* _ENTRIES SUPPLIED_:

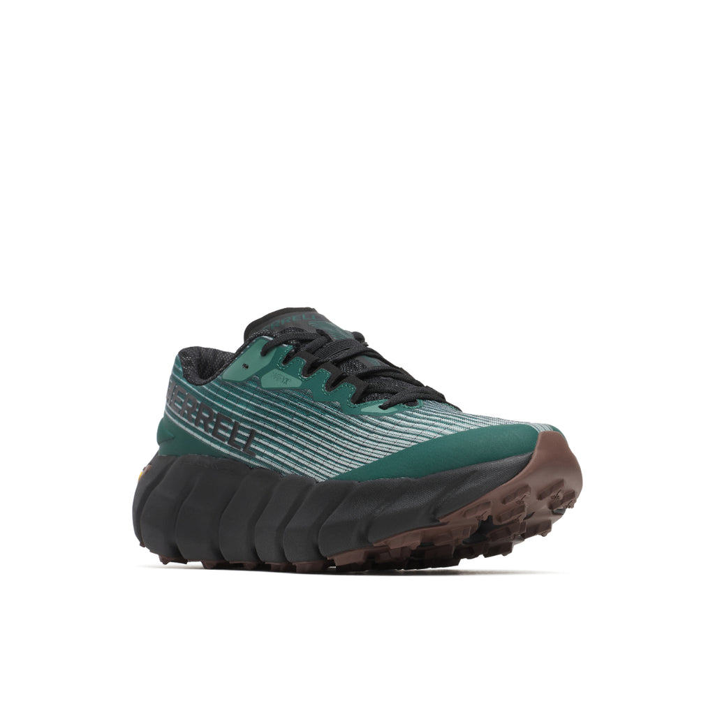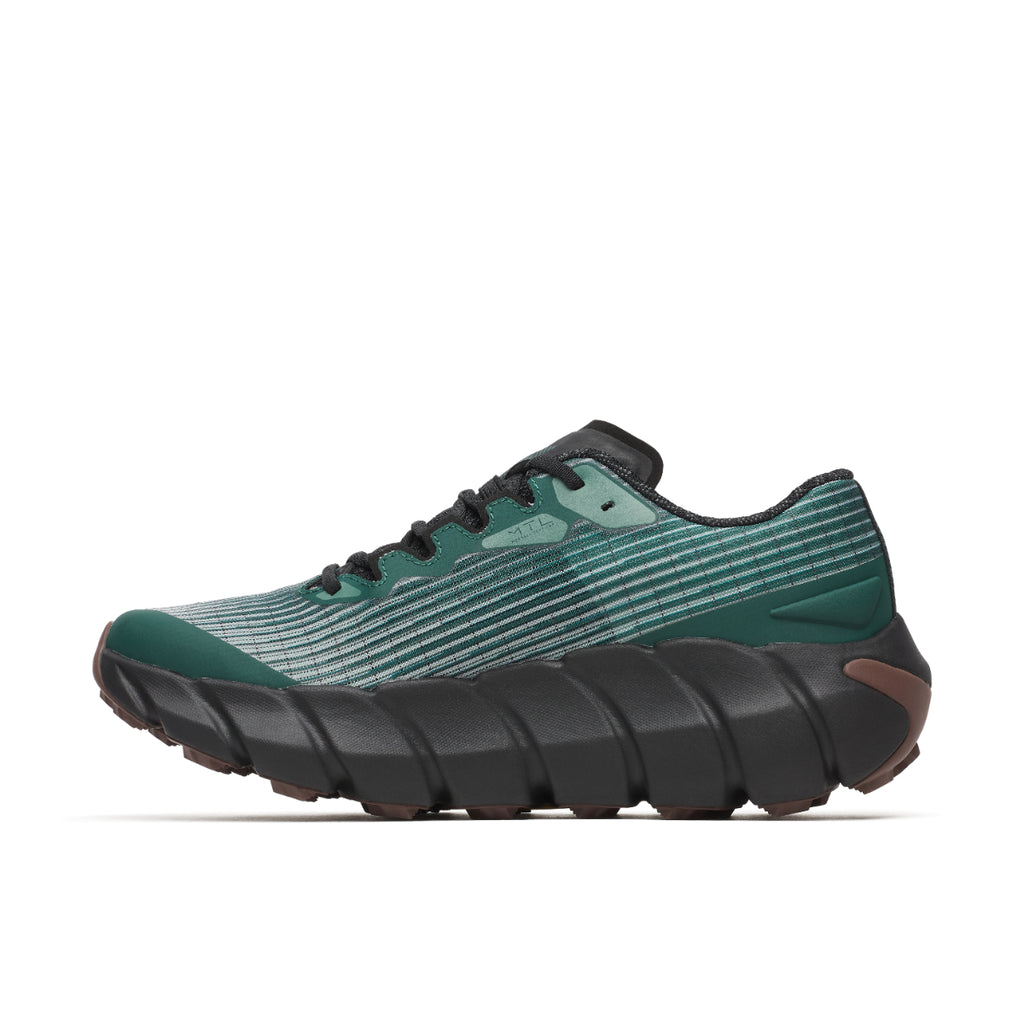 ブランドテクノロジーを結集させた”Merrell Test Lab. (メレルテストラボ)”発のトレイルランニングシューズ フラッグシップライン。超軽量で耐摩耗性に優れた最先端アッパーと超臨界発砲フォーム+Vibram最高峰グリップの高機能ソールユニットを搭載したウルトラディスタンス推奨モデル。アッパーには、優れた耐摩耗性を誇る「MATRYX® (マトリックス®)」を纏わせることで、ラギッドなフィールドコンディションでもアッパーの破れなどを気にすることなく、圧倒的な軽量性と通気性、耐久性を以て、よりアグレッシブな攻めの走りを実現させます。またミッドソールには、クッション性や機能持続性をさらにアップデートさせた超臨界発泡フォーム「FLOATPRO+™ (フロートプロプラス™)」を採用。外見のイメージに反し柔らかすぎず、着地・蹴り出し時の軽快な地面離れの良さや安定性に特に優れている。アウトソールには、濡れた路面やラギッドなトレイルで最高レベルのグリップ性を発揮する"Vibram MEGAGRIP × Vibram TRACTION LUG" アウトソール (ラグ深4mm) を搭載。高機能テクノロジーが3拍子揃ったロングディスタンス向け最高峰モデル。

* * *

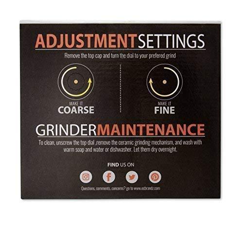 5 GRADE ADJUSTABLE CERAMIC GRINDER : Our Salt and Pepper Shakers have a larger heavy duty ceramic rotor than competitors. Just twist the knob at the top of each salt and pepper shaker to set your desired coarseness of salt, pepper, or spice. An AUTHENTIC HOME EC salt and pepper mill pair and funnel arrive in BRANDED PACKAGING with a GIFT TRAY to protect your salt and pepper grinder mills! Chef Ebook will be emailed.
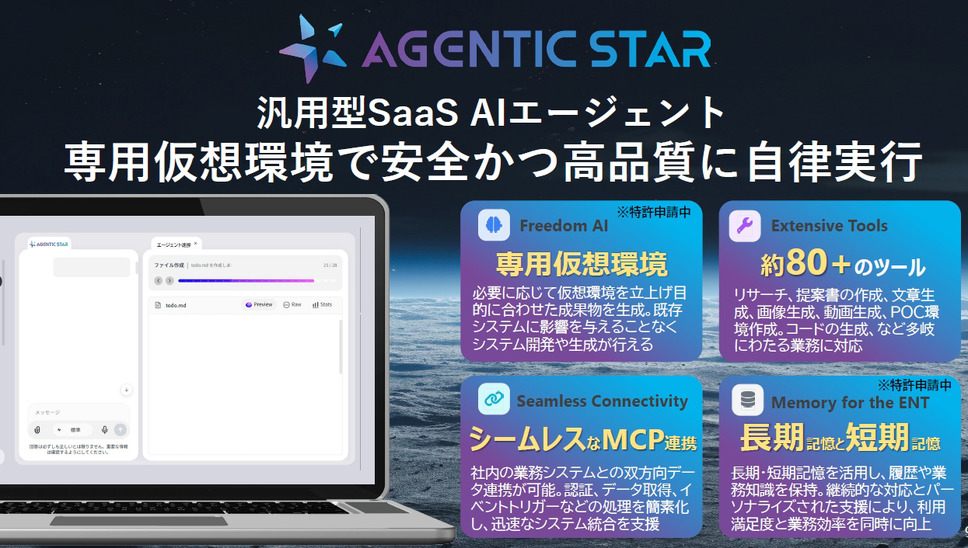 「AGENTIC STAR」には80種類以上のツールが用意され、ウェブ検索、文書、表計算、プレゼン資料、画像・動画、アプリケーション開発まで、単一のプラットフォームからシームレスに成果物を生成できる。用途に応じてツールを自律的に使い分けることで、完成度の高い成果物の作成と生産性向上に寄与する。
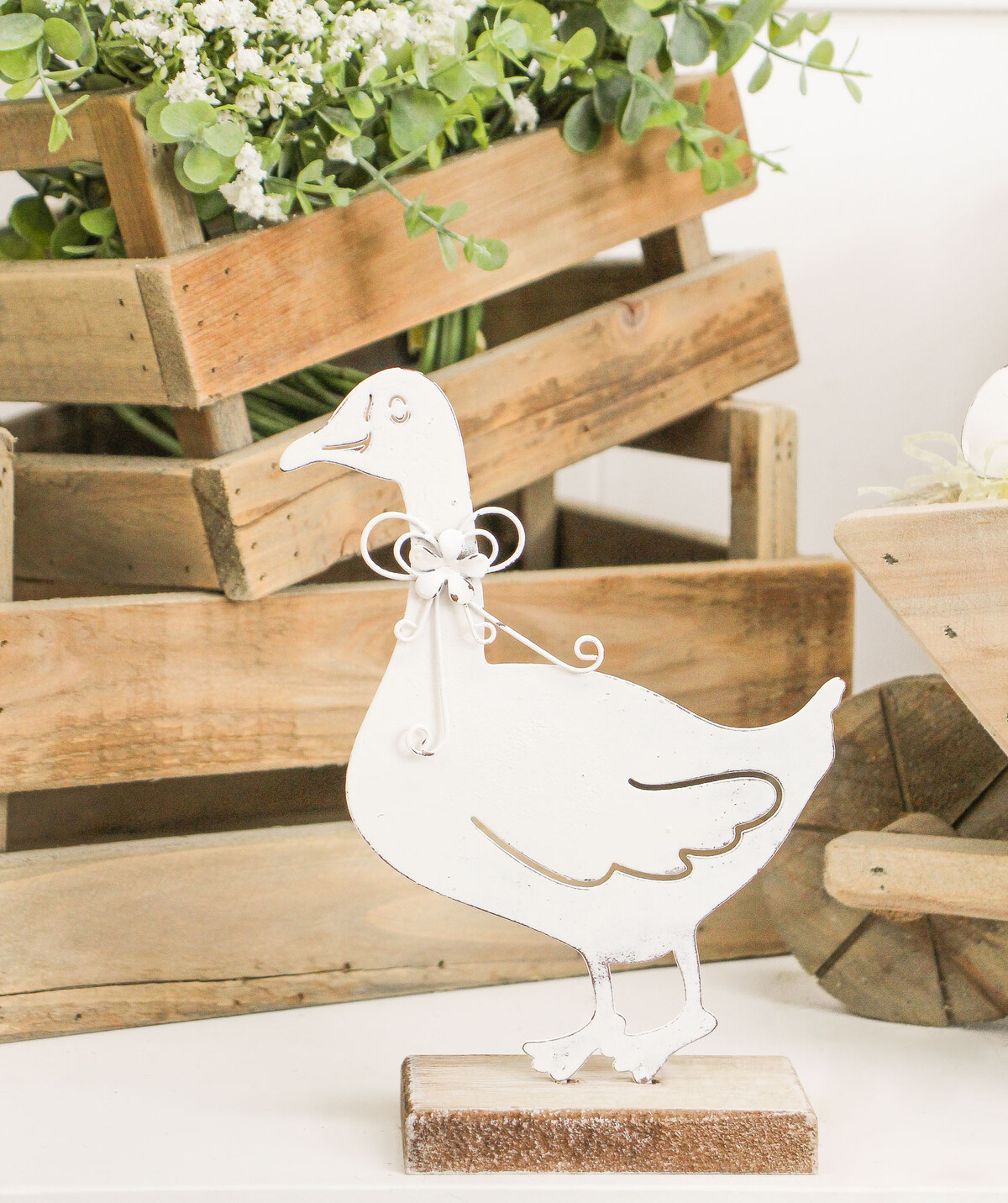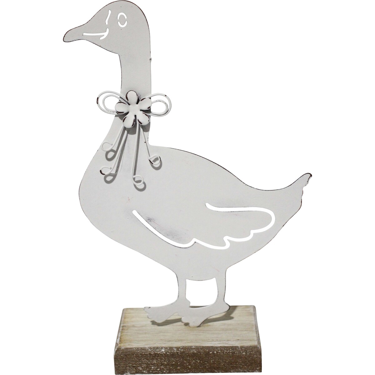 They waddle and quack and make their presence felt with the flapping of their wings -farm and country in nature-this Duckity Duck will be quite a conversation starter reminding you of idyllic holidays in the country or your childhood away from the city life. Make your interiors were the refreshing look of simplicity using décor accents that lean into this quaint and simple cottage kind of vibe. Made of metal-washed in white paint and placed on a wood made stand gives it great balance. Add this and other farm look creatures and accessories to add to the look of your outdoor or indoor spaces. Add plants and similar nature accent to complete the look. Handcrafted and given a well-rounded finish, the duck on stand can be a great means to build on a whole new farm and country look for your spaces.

--

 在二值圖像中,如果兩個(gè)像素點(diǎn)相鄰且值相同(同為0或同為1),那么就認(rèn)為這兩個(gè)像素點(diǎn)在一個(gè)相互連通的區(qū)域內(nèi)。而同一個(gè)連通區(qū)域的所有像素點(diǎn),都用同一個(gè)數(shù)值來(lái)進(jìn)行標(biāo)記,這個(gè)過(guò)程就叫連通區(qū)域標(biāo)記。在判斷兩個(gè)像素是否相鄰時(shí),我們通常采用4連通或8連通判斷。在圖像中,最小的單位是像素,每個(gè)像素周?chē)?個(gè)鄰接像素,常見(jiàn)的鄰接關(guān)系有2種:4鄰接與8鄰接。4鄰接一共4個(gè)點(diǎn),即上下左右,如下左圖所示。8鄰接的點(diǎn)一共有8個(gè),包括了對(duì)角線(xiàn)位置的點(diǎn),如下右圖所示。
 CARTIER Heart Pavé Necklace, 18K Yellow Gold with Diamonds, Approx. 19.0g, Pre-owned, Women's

* _THE PROBLEM_: The answer is the run of lines above from the line containing "在二值圖像中,如果兩個(gè" through the line containing "CARTIER Heart Pavé", copied exactly and alone.

* _SOLUTION TO THE PROBLEM_:
 在二值圖像中,如果兩個(gè)像素點(diǎn)相鄰且值相同(同為0或同為1),那么就認(rèn)為這兩個(gè)像素點(diǎn)在一個(gè)相互連通的區(qū)域內(nèi)。而同一個(gè)連通區(qū)域的所有像素點(diǎn),都用同一個(gè)數(shù)值來(lái)進(jìn)行標(biāo)記,這個(gè)過(guò)程就叫連通區(qū)域標(biāo)記。在判斷兩個(gè)像素是否相鄰時(shí),我們通常采用4連通或8連通判斷。在圖像中,最小的單位是像素,每個(gè)像素周?chē)?個(gè)鄰接像素,常見(jiàn)的鄰接關(guān)系有2種:4鄰接與8鄰接。4鄰接一共4個(gè)點(diǎn),即上下左右,如下左圖所示。8鄰接的點(diǎn)一共有8個(gè),包括了對(duì)角線(xiàn)位置的點(diǎn),如下右圖所示。
 CARTIER Heart Pavé Necklace, 18K Yellow Gold with Diamonds, Approx. 19.0g, Pre-owned, Women's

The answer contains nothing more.